AgentScope supports Llama3 now! You can
- 🚀 Set up Llama3 model service in AgentScope! Both CPU and GPU inference are supported!
- 🔧 Test Llama3 in AgentScope built-in examples!
- 🖋 Use Llama3 to build your own multi-agent applications!
Follow the guidance below to use Llama3 in AgentScope!

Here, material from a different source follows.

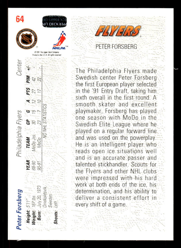 1991 UPPER DECK PETER FORSBERG 64 MINT RC HOCKEY PHILADELPHIA FLYERS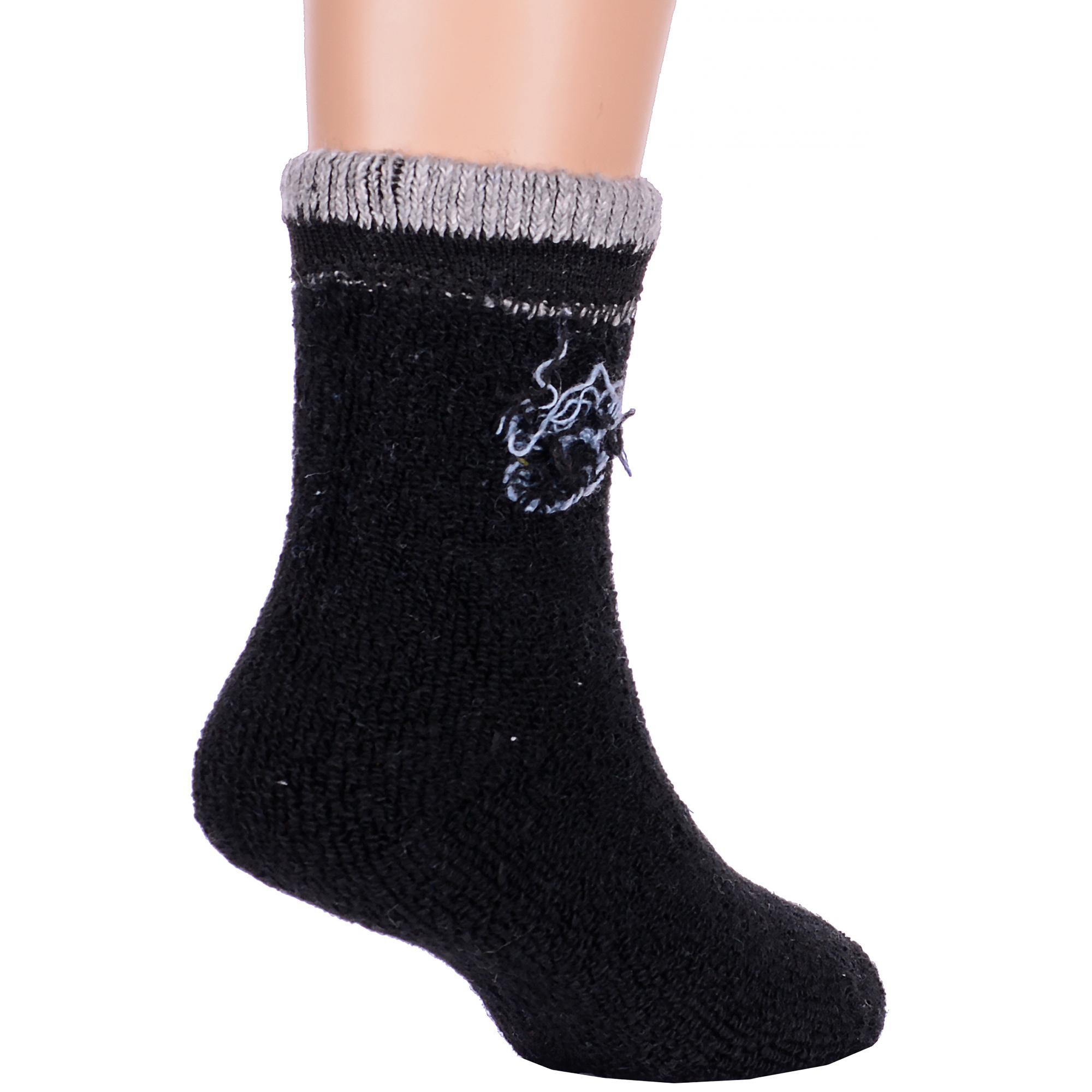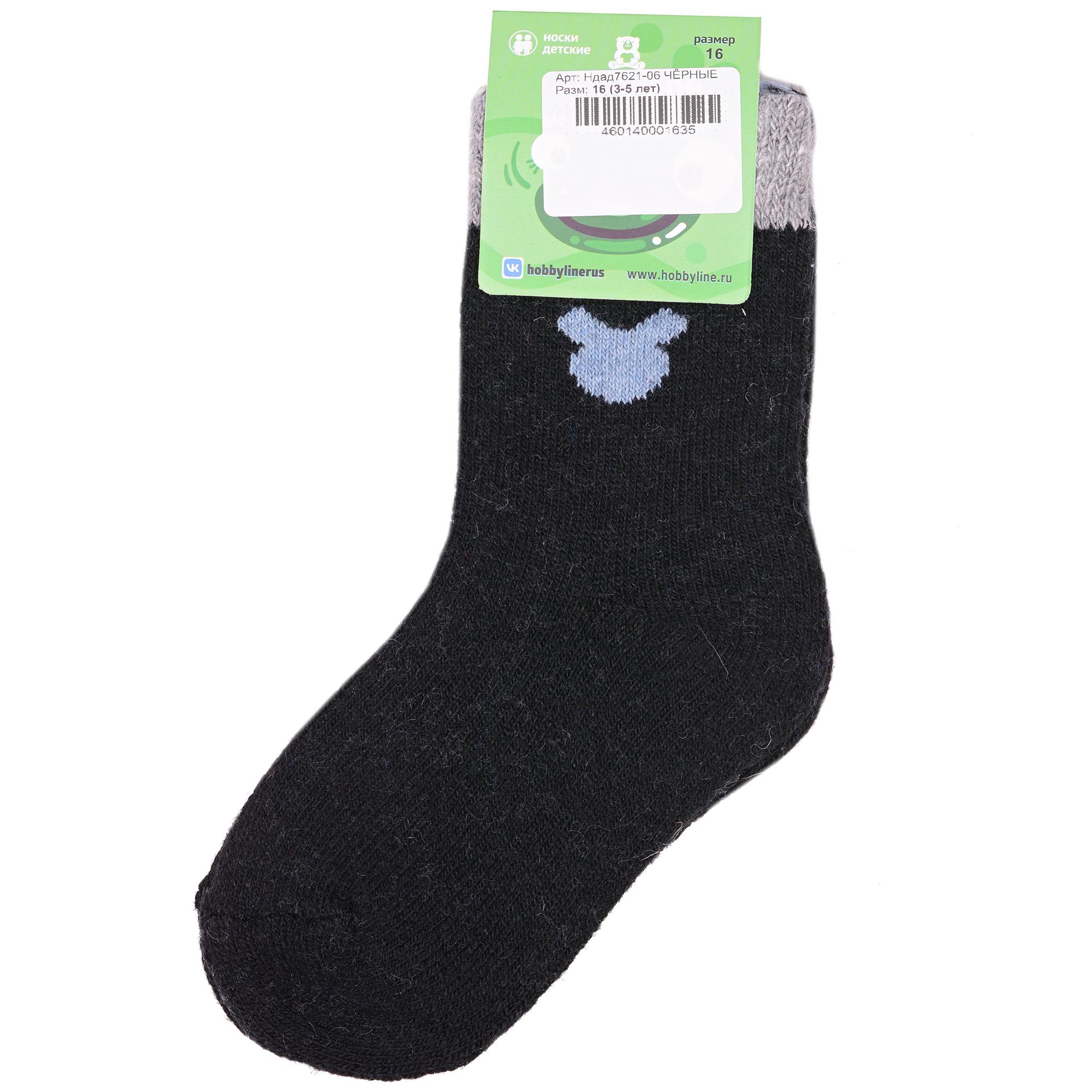 Зимние укороченные детские носки, цвет черный, теплые, повседневные, махровые, шов обычный (не бесшовные), принт (рисунок): контрастные пятка / мысок / резинка, животные, с узором, состав: 35% вискоза, 20% шерсть, 10% ангора, 30% полиэстер, 5% эластан, арт. Ндад7621-06. Производитель «Китай, страна бренда - Россия» под брендом «Hobby line».

AgentScope supports Llama3 CPU inference with the help of ollama. Note the llama3 models in ollama are quantized into 4 bits.
-
Download ollama from here.
-
Start ollama software, or execute the following command in terminal
ollama serve
-
Pull llama3 model by the following command
# llama3 8b model
ollama pull llama3
# llama3 70b model
ollama pull llama3:70b
Use llama3 model with the following model configuration in AgentScope
llama3_8b_ollama_model_configuration = {
"config_name": "ollama_llama3_8b",
"model_type": "ollama_chat",
"model_name": "llama3",
"options": {
"temperature": 0.5,
"seed": 123
},
"keep_alive": "5m"
}
llama3_70b_ollama_model_configuration = {
"config_name": "ollama_llama3_70b",
"model_type": "ollama_chat",
"model_name": "llama3:70b",
"options": {
"temperature": 0.5,
"seed": 123
},
"keep_alive": "5m"
}
After that, you can experience llama3 with our built-in examples! For example, start a conversation with llama3-8b model by the following code:
import agentscope
from agentscope.agents import UserAgent, DialogAgent
agentscope.init(model_configs=llama3_8b_ollama_model_configuration)
user = UserAgent("user")
agent = DialogAgent("assistant", sys_prompt="You're a helpful assistant.", model_config_name="ollama_llama3_8b")
x = None
while True:
x = agent(x)
x = user(x)
if x.content == "exit":
break
If you have a GPU, you can set up llama3 model service with the help of Flask and Transformers quickly.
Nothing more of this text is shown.